== Data ==
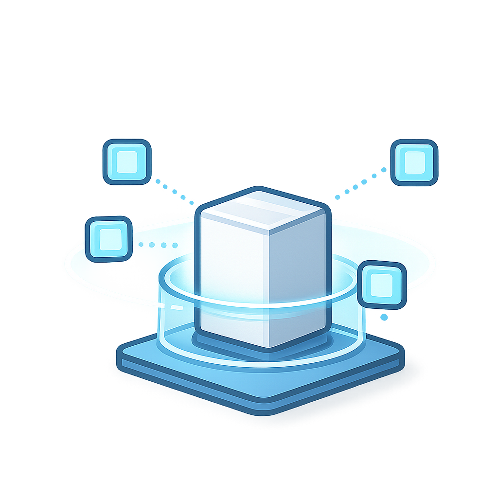 An abstract graphic depicting a central white cube surrounded by a glowing circular outline. Four smaller blue squares are positioned around it, connected by dotted lines. The background is a gradient of dark gray, enhancing the focus on the central cube and its surrounding elements.
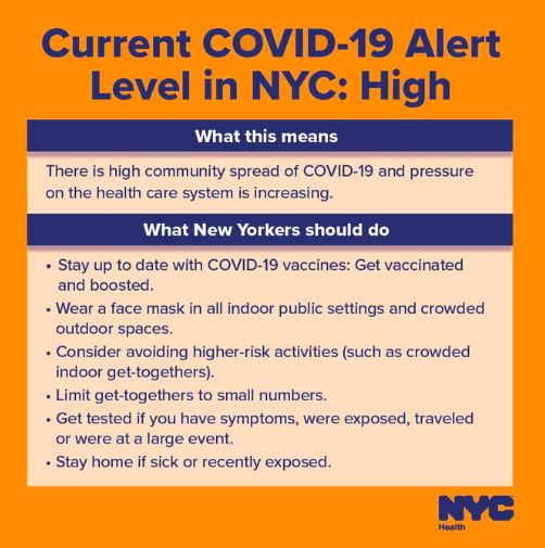 由于新冠确诊病例上升,纽约市卫生官员决定将该市新冠警报级别上调至“高级”,并强烈建议人们在室内公共场所戴口罩。但就目前而言,不会强制执行“口罩令”。
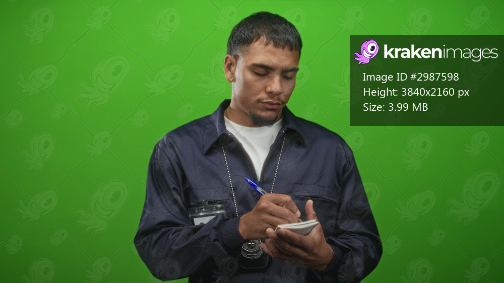 Man detective writing in a small notepad with pen and visible badge on chain in studio; focused concentration.
===
Each line of the data is to be duplicated exactly; pictures stay out of the copy.

## Your solution
 An abstract graphic depicting a central white cube surrounded by a glowing circular outline. Four smaller blue squares are positioned around it, connected by dotted lines. The background is a gradient of dark gray, enhancing the focus on the central cube and its surrounding elements.
 由于新冠确诊病例上升,纽约市卫生官员决定将该市新冠警报级别上调至“高级”,并强烈建议人们在室内公共场所戴口罩。但就目前而言,不会强制执行“口罩令”。
 Man detective writing in a small notepad with pen and visible badge on chain in studio; focused concentration.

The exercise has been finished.